The only real fault of the Chandos recording is the undeniable fact that _Tosca_ sounds better in Italian. Open vowels are not just "passionate," they are also easy to sing (in other words, it is hard for a soprano to make a phrase that reads, "Oh, you starry vaults of night, let passion rain down" intelligible). Edmund Tracey's English translation, if it mostly sits well on the music, entails some (unavoidable?) awkwardness (for example, the three-syllable "show respect" is used for the four-syllable "bel rispetto") as well as some mis-accentuation (for "scioliete" Yurisich has to say, "*re*lease him"). And why couldn't Tosca's Act II "Now I forgive him" have been rendered, "I grant him pardon," a translation less laughable in the context? An example (among others) of _good_ translation occurs in "O dolci mani" ("Oh, hands of mercy"): "But those hands, fashioned by the God of loving/Were chosen by the sacred goddess of justice/His death was your deed, oh hands of retribution" evokes Enlightenment verse such as Mario Cavaradossi might write or quote.

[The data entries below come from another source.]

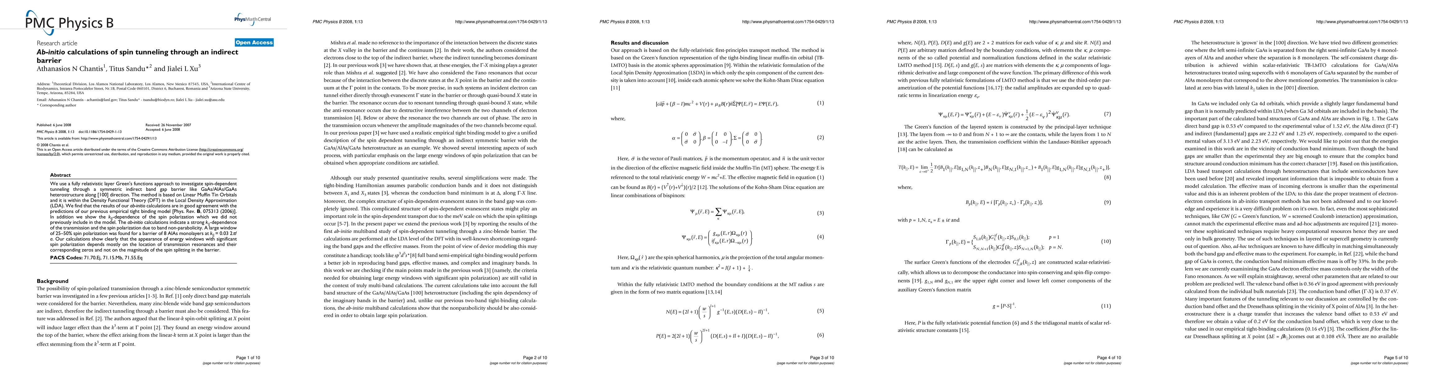 This paper uses ab-initio calculations based on relativistic layer Green's functions to study spin-dependent tunneling through a GaAs/AlAs/GaAs heterostructure. The results show a strong $k_{||}$-dependence of transmission and spin polarization, revealing significant spin polarization windows dependent on transmission resonance locations rather than spin splitting magnitude.
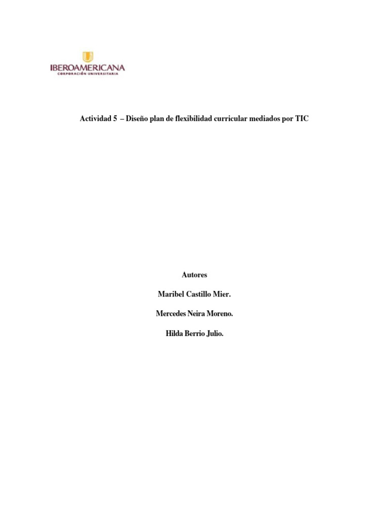 Actividad 5 – Diseño plan de flexibilidad curricular mediados por TIC
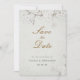 Make a memorable first impression with this romantic "Save the Date" card. The design features graceful branches of white cherry blossoms (sakura) drifting across a subtle, rustic, speckled background that adds texture and warmth. The phrase "Save the Date" is written in a stunning faux-gold calligraphy script that brings a touch of luxury to the minimalist layout.
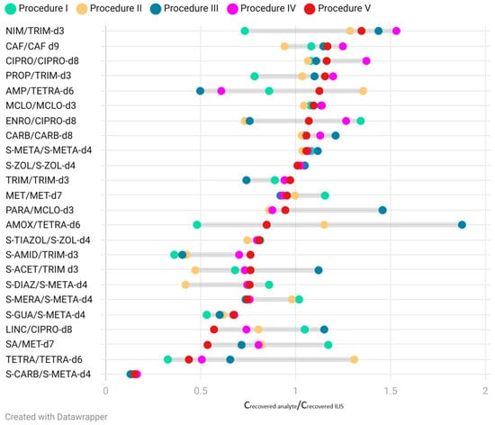 At the last stage of the presented study, the calculation of pharmaceutical concentration was performed according to the calibration curve using ILIS (spiked together with analytes before extraction). Then, the obtained concentrations were divided by the concentrations of the reference sample, which consisted of the blank solution of analytes and ILIS with the same concentration as spiked into the soil [60]. These values should be close to 1 for each analyzed compound and with each procedure. These results of the ratio Crecovered analyte/Crecovered ILIS for each analyzed pharmaceutical are summarized in Figure 7. Ratios, obtained according to the results from Procedure V, are ordered from the highest to the lowest value. In our study, these compounds, which had deuterated equivalents as ILIS and aforementioned high recovery values, e.g., MCLO, CARB, S-META, S-ZOL, TRIM and MET, were characterized by the ratio Crecovered analyte/Crecovered ILIS close to 1 and were similar for each procedure. On the other hand, these compounds, which were characterized by low efficiency of recovery, e.g., CAF, CIPRO, TETRA, despite the fact that the deuterated equivalent was taken into calculations, differentiated values were noted. The greatest variation in values was observed for TETRA, but the recovery of this compound and their deuterated equivalent was below 1%, and at this level, deviations can be explained by an error in chromatographic analysis or extraction procedure. A relatively low recovery rate may result from strong or specific sorption of TETRA to the soil samples [61]. Then we were focused on these compounds, which have no available deuterated equivalent, and similar conclusions were found, that the ratio Crecovered analyte/Crecovered ILIS can be similar and close to 1 for these compounds with a relatively high value of recovery. Although we also observed that for S-GUA and S-CARB, where S-META-d4 was used as a standard, this ratio was relatively low but repeatable for each procedure. In those cases, for the determination of the mentioned analytes in the environmental samples, compensation and superior performance of our method can be achieved by the use of predetermined recovery factors [62].

"Art is a strange enigma/With the power to blend all kinds of beauty," sings Cavarodossi in the English version of "Recondita armonia." _Tosca_, presumably, will be sung forever, and by great singers of differing gifts. Much praise has been lavished on "the classic recordings" of opera's "golden age" (however defined). Yet to this writer the '90's were a golden age and Parry's _Tosca_ a classic. Pappano's Royal Opera performance is becoming a classic; both it and the Parry are worthy of being seen and heard, even by those opera fans with the longest memories.


----------